Görüldüğü üzere, HMK"nun 324. maddesinde düzenlenen delil ikamesi avansı, HMK"nun 114. maddesinin "g" bendinde belirtilen gider avansından hüküm ve sonuçları itibariyle farklı olup, dava şartı niteliğinde değildir.
Somut olayda, borçlu asiller ve vekilin olmadığı 10/11/2015 tarihli duruşmada, mahkemece, imza incelemesi için bilirkişiden rapor alınması amacıyla kurulan ara kararda, bilirkişi ücreti ve tebliği masrafı için eksik kalan 270,00 TL.yi iki haftalık kesin sürede yatırması için davacılara süre verilmesine sonuçları hakkında ihtarat yapılmasına karar verildiği, ihtaratın sonuçlarının ne olduğu belirtilmediği gibi ihtaratı içeren duruşma tutanağının borçlulara tebliğ edilmediği halde, belirlenen kesin sürede avansın yatırılmadığından bahisle mahkemece davanın usulden reddine karar verildiği görülmüştür.

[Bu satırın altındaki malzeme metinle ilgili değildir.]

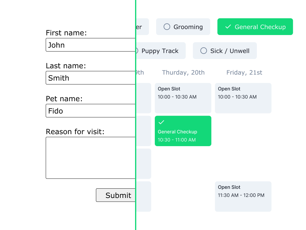 Fully customizable & fully integrated with your PIMS. Offer your clients an easier & more convenient way to book appointments while maintaining complete control over your schedule.

Halbuki yukarıda da açıklandığı ve Hukuk Genel Kurulunca da vurgulandığı üzere, imzaya itiraz halinde, imzanın borçluya ait olduğunu ispat külfeti, imzanın borçluya ait olduğunu iddia eden alacaklıya aittir.

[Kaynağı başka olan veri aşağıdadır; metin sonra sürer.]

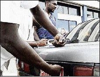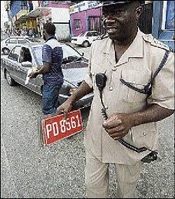 Deputy Superintendent Courtney Coubrie, operations officer at the Traffic headquarters, pulls over this taxi driver in Half-Way Tree. The police and members of the Transport Authority were busy in Half-Way Tree in St Andrew yesterday removing registration plates from taxis and buses with heavy tint and music equipment.

O halde mahkemece, ispat yükünün alacaklıda olduğu gözetilerek HMK"nun 324. maddesi kapsamında delil avansının alacaklı tarafından yatırılması için işlem yapılması, sonucuna göre imza itirazı hakkında karar verilmesi gerekirken, yazılı gerekçe ile hüküm kurulması isabetsizdir.

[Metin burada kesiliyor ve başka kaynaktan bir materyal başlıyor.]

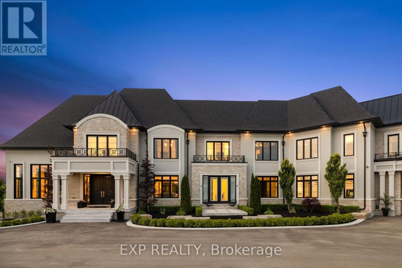 Welcome to the lap of luxury at this majestic King City gated estate, spanning on over 2.5 acres of picturesque land. With over 10,000 square feet of modern and tasteful finishes, this home exudes elegance with a grand entrance, crown molding, wainscoting and hardwood throughout. A chef's lavish kitchen complete with Dacor fridge and freezer, an 84-inch Wolf stove, and not one, but two walk-in pantries. Boasting 5 bedrooms, the primary bedroom includes a extravagant closet and an exquisite bathroom. Additionally, this property showcases a huge in-law suite for extended family or guests. Newly finished, light-filled walkout lower level. Featuring an expansive theatre room with a sleek wet bar perfect for entertaining in style. This impressive space also includes an additional bedroom, two elegant bathrooms, and a spacious recreation room. Step outside to the backyard oasis, offering unmatched privacy, a basketball court, open field, and a cozy firepit-perfect for outdoor gatherings and relaxation. Experience the ultimate in luxury living at this remarkable estate. (id:52350)
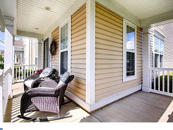 Prestigious Centennial Mill Premier Active Adult 55+ Community. Immaculately maintained 3 bedroom, 2.5 bath End Model Woodbury Town Home. Enjoy your morning coffee or cocktails on the front porch. Gleaming hardwood floors thru-out the main living area. Totally upgraded kitchen with top of the line stainless steel appliance package, granite counter tops, tile back splash, upgraded 42" cabinets and private patio area. Custom window treatments thru-out. Living room has a cathedral ceiling and custom built wall unit, crown molding and wainscoting accent the foyer, living and dining rooms. The master bedroom features a tray ceiling, upgraded master bath and spacious walk in closet. The upper level has two additional bedrooms and a full bath which is great for overnight guests. Spacious loft area ideal for a home office or den. Security and water sprinkler systems. HOA fees include state of the art clubhouse and fitness center with indoor/outdoor pools, spa, sauna, locker/dressing rooms, fully equipped exercise/gym and aerobics room. Full time property manager on premises along with lifestyle director. All exterior maintenance including roofs, siding, snow removal, lawn care and sprinkler system plus clubhouse and fitness center included in monthly fees.

SONUÇ : Borçluların temyiz itirazlarının kabulü ile mahkeme kararının yukarıda yazılı nedenlerle İİK"nun 366 ve HUMK’nun 428. maddeleri uyarınca (BOZULMASINA), bozma nedenine göre sair temyiz itirazlarının incelenmesine yer olmadığına, peşin alınan harcın istek halinde iadesine, ilamın tebliğinden itibaren 10 gün içinde karar düzeltme yolu açık olmak üzere, 29/05/2017 gününde oybirliğiyle karar verildi.